Lux - Pon Kwi 02, 2012 14:37
Hm, ja tam zaczelam dostrzegac roznice w kolorze, ale taka delikatna tylko ;p
wiesz, on trzyma Myszunie na kolanach, to ja se chlopakow wzielam, a co
Tak, przyjezdzamy tym ciapagiem, bedziemy informowac o ew. opoznieniach
Pyl - Pon Kwi 02, 2012 16:12
No ludzie, bez jaj, po wadze poznacie
Gustaw jest ewidentnie cięższy nie wytrzymałam i pakujac je wrzucilam jeszcze na wagę - bodaj 165 i 185g. Różnicę czuć w dłoni.
No i Julek zostawił u mnie jakiś list pożegnalny, jak siądę do kompa to dam znać co napisał.
taivas - Pon Kwi 02, 2012 20:54
Melduję, że Julek cały i zdrowy w domu.
Niech tylko da list pożegnalny, bom ciekawa, co napisał. ;D Jak się trochę zaklimatyzuje, to będzie pisał eseje w swoim, i swoich przybranych braci, temacie.
natkapatka - Pon Kwi 02, 2012 21:18
Ale był szał na dworcu:) Ludzie patrzyli na nas i sie podśmiewali. Gustawek śliczniutki Zapoznał się wstępnie z gigantami i teraz siedzi w swojej klatce. Zaraz dostanie jedzonko: warzywka, owocki i wyprawkowa karmę. Przytulasek z niego. Trochę przestraszony narazie.
Martini - Pon Kwi 02, 2012 21:22
natkapatka napisał/a: | Ludzie patrzyli na nas i sie podśmiewali |
Zazdroszczą szczurów i umiejętności swobodnego wyrażania emocji.
Szczury coś wyrażały, btw?
taivas - Pon Kwi 02, 2012 21:47
Szczury wyrażały raczej wielkie zdziwienie.
A ludzie... To tylko ludzie. Serio, wesoło było, naprawdę stawiliśmy się tłumnie, i każdy chciał obejrzeć wszystkie szczury, bo jeszcze Lux wiozła swojego przecież, to każdy musiał być wymacany obowiązkowo. A jak ktoś nie wiedział, że tam są ciury, to mógł się zastanawiać, co tam sobie przekazujemy i czemu tak namiętnie pchamy łapy do tych siatek.
natkapatka - Pon Kwi 02, 2012 22:09
Gustaw lezy na mojej szyii schował się w chuscie i włosach.
Lux - Pon Kwi 02, 2012 23:22
No bo to jakieś tajemne kręgi były.

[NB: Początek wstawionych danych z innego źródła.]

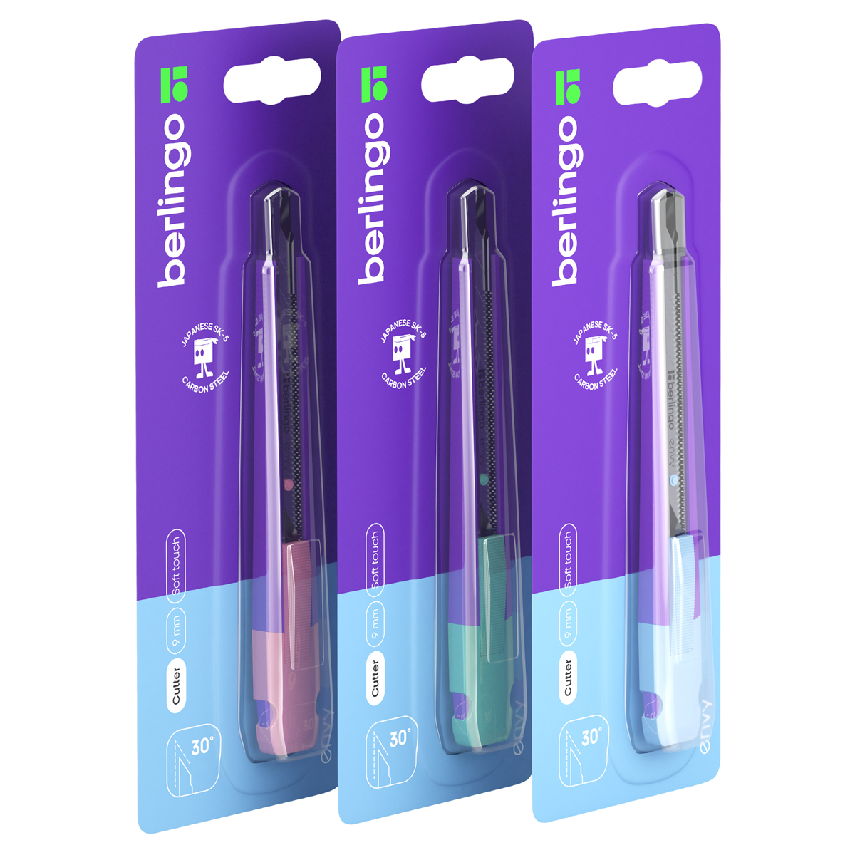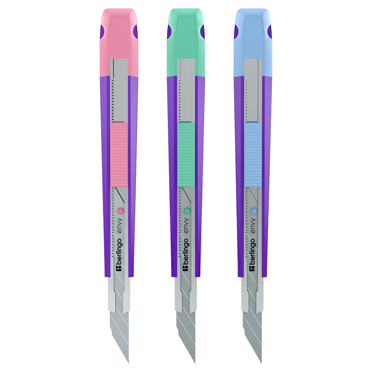 Канцелярский нож Berlingo кросс-серии Envy с автоматической системой фиксации лезвия auto-lock. Прочный корпус выполнен из качественного ABS-пластика с тактильно приятным покрытием soft-touch, что обеспечивает дополнительный комфорт при использовании и предотвращает скольжение пальцев. Износостойкое лезвие шириной 9 мм сделано из стали SK5 с углом заточки 30°, который гарантирует чёткость среза. Нож оснащён металлическими направляющими для плавного движения лезвия.
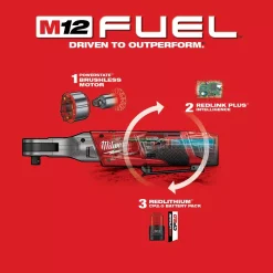 The MILWAUKEE M12 FUEL 3/8 in. Ratchet is the first cordless tool that provides both the torque and compact size to replace pneumatic ratchets in the industry. This cordless ratchet has up to 55ft-lbs of max torque and 200 RPM making it the ideal fastening solution for automotive mechanics, repair technicians and maintenance workers who demand maximum performance and convenient portability. The M12 battery powered ratchet has a low profile head and cordless design which allows users more access in tight spaces than competitive units. With the industry leading FUEL technology, a reinforced mechanism and investment cast steel yoke housing, this rechargeable ratchet can withstand daily jobsite wear and tear for years of reliable use. Milwaukeeโs cordless ratchet has eliminated the constant maintenance of pneumatic ratchets and the nuisance of an air hose in the shop. The M12 FUEL Ratchet delivers the maximum portability and productivity for the professional user. In addition to the M12 FUEL Ratchet, this kit includes 2 batteries, charger and carrying case.

I piski obrzędowe
Ej, a tak serio, cała podróż była dla nas mega przyjemnością z ogoniastymi pod ręką, mam nadzieję, że się szybko i bezproblemowo przyjęły, a ja mykam przypatrywać się mojej Myszuni. Przed nami jeszcze długa droga z przekonywaniem, ale damy radę
Pyl - Wto Kwi 03, 2012 00:58
Bardzo się cieszę, że dotarły szczęśliwie, niech tam zdrowo rosną. List Literata jest, ale kompa i czasu brak, a komórka to lipne medium komunikacji, więc wybaczcie zwłokę. Pozdrowienia od Mamuski i rodzeństwa
Pyl - Wto Kwi 03, 2012 12:56
Parę dodatkowych informacji:
- chłopaki we dwójkę dokazują ile wlezie, aż trudno wytrzymać
- dziewczynki podobnie, tylko 2*ich więcej, więc i efekty trudniejsze do przeżycia
- Ochłapka Spaślaczek w niedzielę miała rujkę (jako pierwsza!) - od tego czasu jest nietykalska, trzeba będzie z nią popracować,
- Mamuśka gwałtownie schudła, bo nie chce nic jeść - prawdopodobnie jest to efekt maści, którą dostała na drapanie się po pyszczku. Byłam z nią wczoraj u dr Rzepki - nic jej nie dolega, nie widać żadnych innych przyczyn, więc mamy się smarować 4 razy rzadziej i patrzeć czy je.
Organizacyjnie - chętnie wydam dziewczynki w ten weekend. Nie chcecie mieć świątecznej niespodzianki? W piątek jestem na 20-tą umówiona do MedicaVetu, w sobotę można odbierać u mnie na wsi.